Le Faq pubblicate dall’Agenzia delle Entrate il 3.06.2026 offrono attesi chiarimenti operativi sul concordato preventivo biennale per i contribuenti ISA 2026, focalizzandosi in particolare sulle regole di determinazione degli acconti per l'anno in corso. Le indicazioni ministeriali affrontano due nodi cruciali per gli studi professionali: da un lato, la complessa rideterminazione dell’acconto in presenza di plusvalenze realizzate nel 2025 e, dall’altro, l'esatto perimetro applicativo della maggiorazione del 10%, ridotta al 3% ai fini Irap, per chi si avvale del concordato.La prima questione trae origine dalle importanti novità introdotte dall'ultima legge di Bilancio, specificamente all'art. 1, cc. 42 e 43 L. 199/2025. La Manovra ha stabilito che, a partire dal periodo d'imposta successivo a quello in corso al 31.12.2025, le plusvalenze debbano concorrere interamente alla formazione del reddito nell’esercizio in cui vengono realizzate, eliminando la facoltà di dilazione pluriennale.

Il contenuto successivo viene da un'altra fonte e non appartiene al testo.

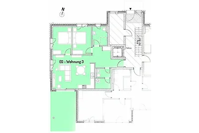 Sehr schöne sowie helle 3 - Zimmer-Ferienwohnung ca. 85 qm im Erdgeschoß. Außenrollläden.
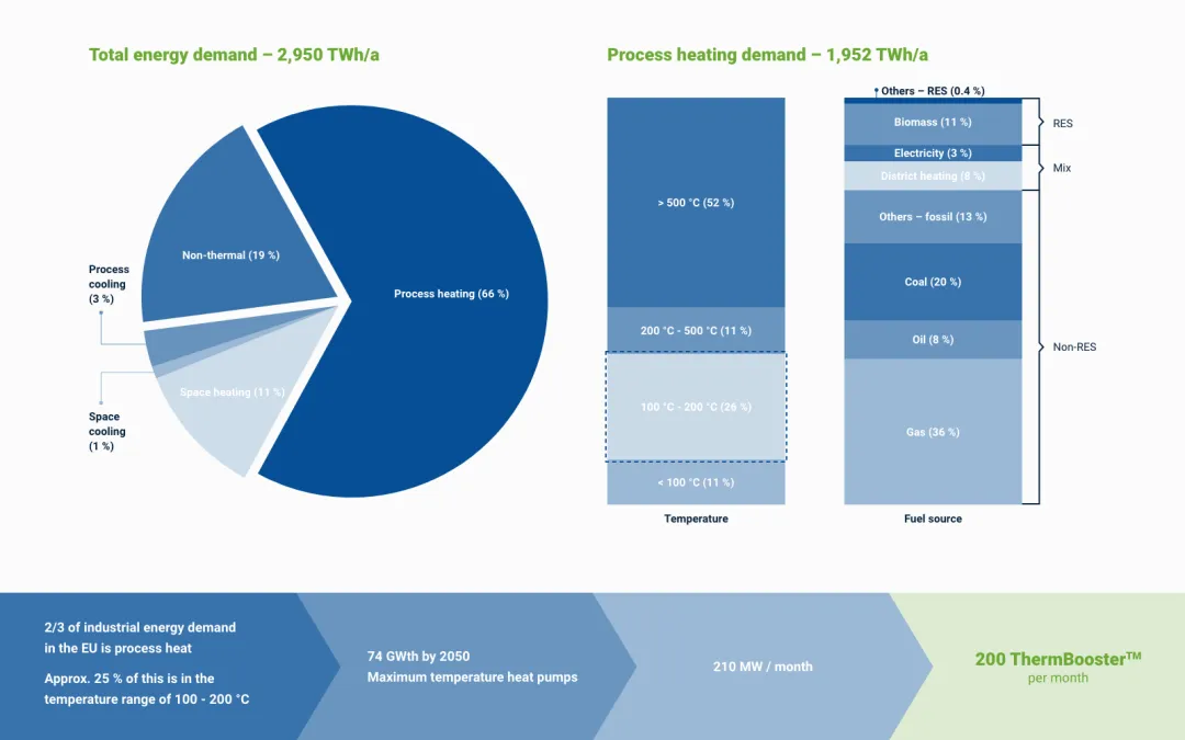 德国和欧洲的监管条件正日益影响工艺热能发电的电气化。高温热泵是政策制定者战略的核心,因为它们非常适合帮助实现欧盟雄心勃勃的气候目标。

L'unica eccezione a questa regola riguarda le plusvalenze derivanti dalla cessione di aziende o rami d'azienda posseduti da oltre un triennio, per le quali sopravvive la tradizionale rateizzazione in 5 quote costanti.Al fine di evitare distorsioni nel calcolo degli acconti 2026 determinati con il metodo storico, il legislatore impone di rideterminare l’imposta del periodo precedente ipotizzando che la nuova disciplina sul realizzo integrale fosse già in vigore nel 2025. Di...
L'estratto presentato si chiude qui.